[[ Data records open ]]
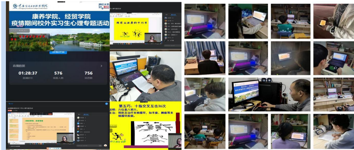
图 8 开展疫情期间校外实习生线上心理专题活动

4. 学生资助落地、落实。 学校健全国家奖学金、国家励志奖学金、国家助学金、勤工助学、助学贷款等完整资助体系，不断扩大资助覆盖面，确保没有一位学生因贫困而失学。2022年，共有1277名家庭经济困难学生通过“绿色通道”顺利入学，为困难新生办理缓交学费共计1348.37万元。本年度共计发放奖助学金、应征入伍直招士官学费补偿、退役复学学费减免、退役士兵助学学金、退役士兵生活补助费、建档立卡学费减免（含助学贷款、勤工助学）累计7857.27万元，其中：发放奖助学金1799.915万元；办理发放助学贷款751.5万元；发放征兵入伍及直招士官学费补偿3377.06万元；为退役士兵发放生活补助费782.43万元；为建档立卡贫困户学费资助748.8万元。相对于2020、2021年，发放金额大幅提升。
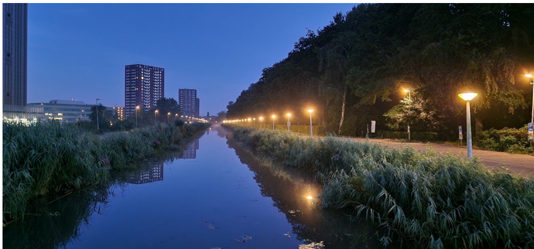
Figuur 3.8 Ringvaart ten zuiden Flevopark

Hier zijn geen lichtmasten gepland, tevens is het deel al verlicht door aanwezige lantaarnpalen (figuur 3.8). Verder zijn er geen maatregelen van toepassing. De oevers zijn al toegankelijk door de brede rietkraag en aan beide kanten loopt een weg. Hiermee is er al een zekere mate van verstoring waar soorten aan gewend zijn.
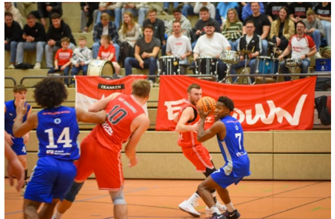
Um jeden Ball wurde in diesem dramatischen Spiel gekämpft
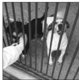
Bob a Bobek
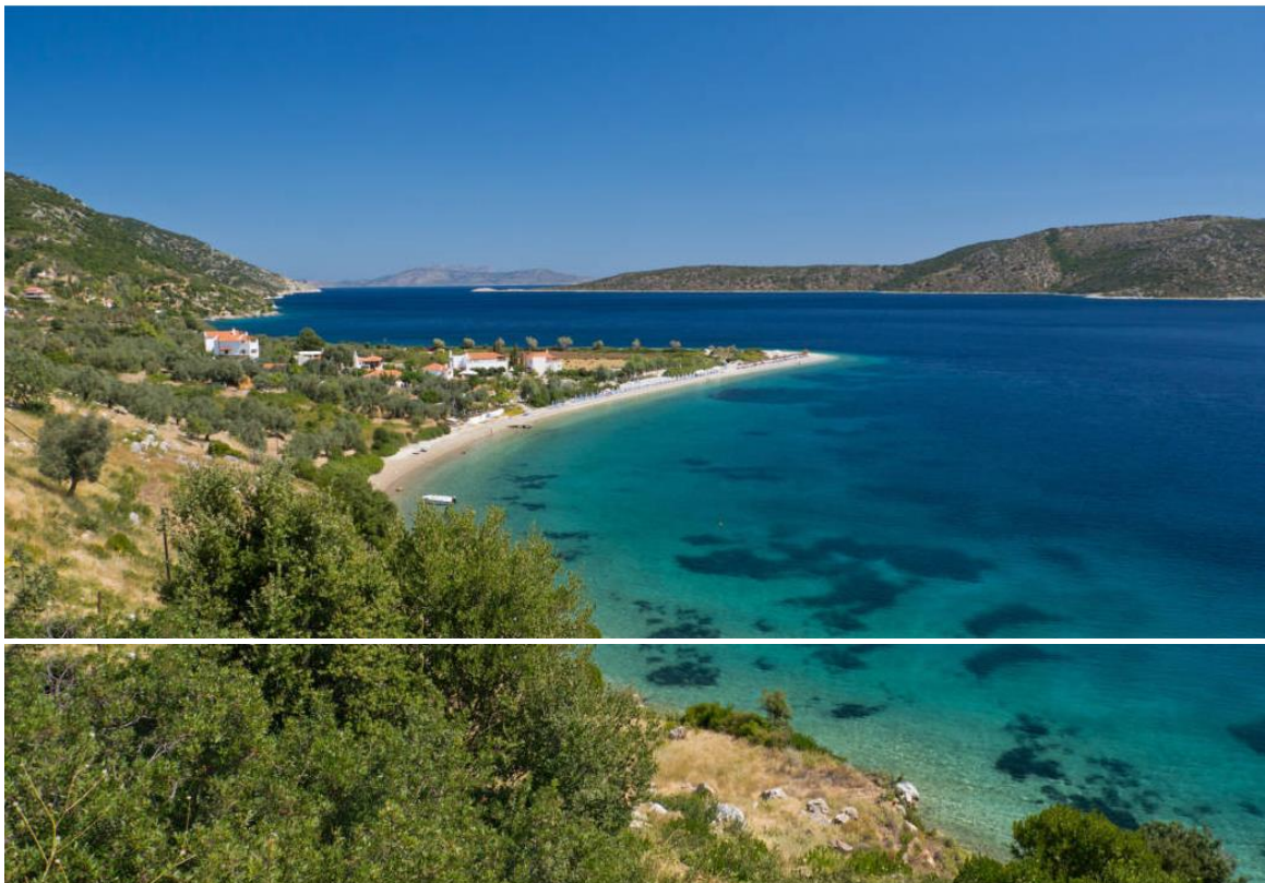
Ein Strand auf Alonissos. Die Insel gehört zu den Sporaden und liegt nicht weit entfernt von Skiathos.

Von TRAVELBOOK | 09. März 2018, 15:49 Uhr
[[ Data records closed ]]
[[ Data records open ]]
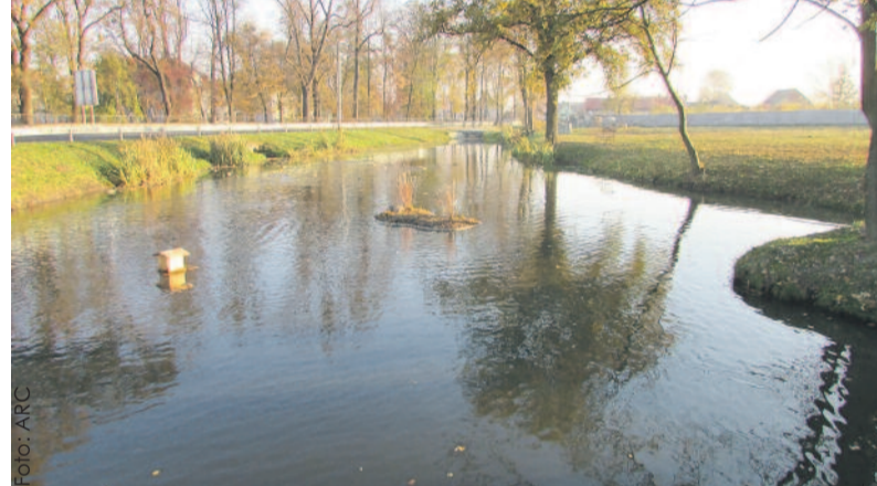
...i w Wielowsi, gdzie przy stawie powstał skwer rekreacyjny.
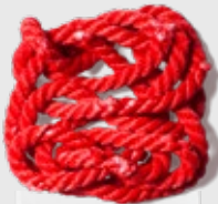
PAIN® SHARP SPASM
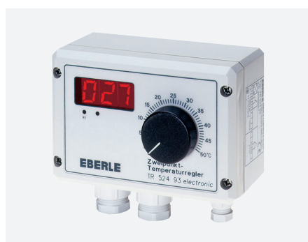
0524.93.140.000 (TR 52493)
[[ Data records closed ]]
*Work to complete*:
Retype, exactly and with no pictures, everything above from the line with "Hier zijn geen" down to the line with "Bob a Bobek", both included.

*Task answer*:
Hier zijn geen lichtmasten gepland, tevens is het deel al verlicht door aanwezige lantaarnpalen (figuur 3.8). Verder zijn er geen maatregelen van toepassing. De oevers zijn al toegankelijk door de brede rietkraag en aan beide kanten loopt een weg. Hiermee is er al een zekere mate van verstoring waar soorten aan gewend zijn.
Um jeden Ball wurde in diesem dramatischen Spiel gekämpft
Bob a Bobek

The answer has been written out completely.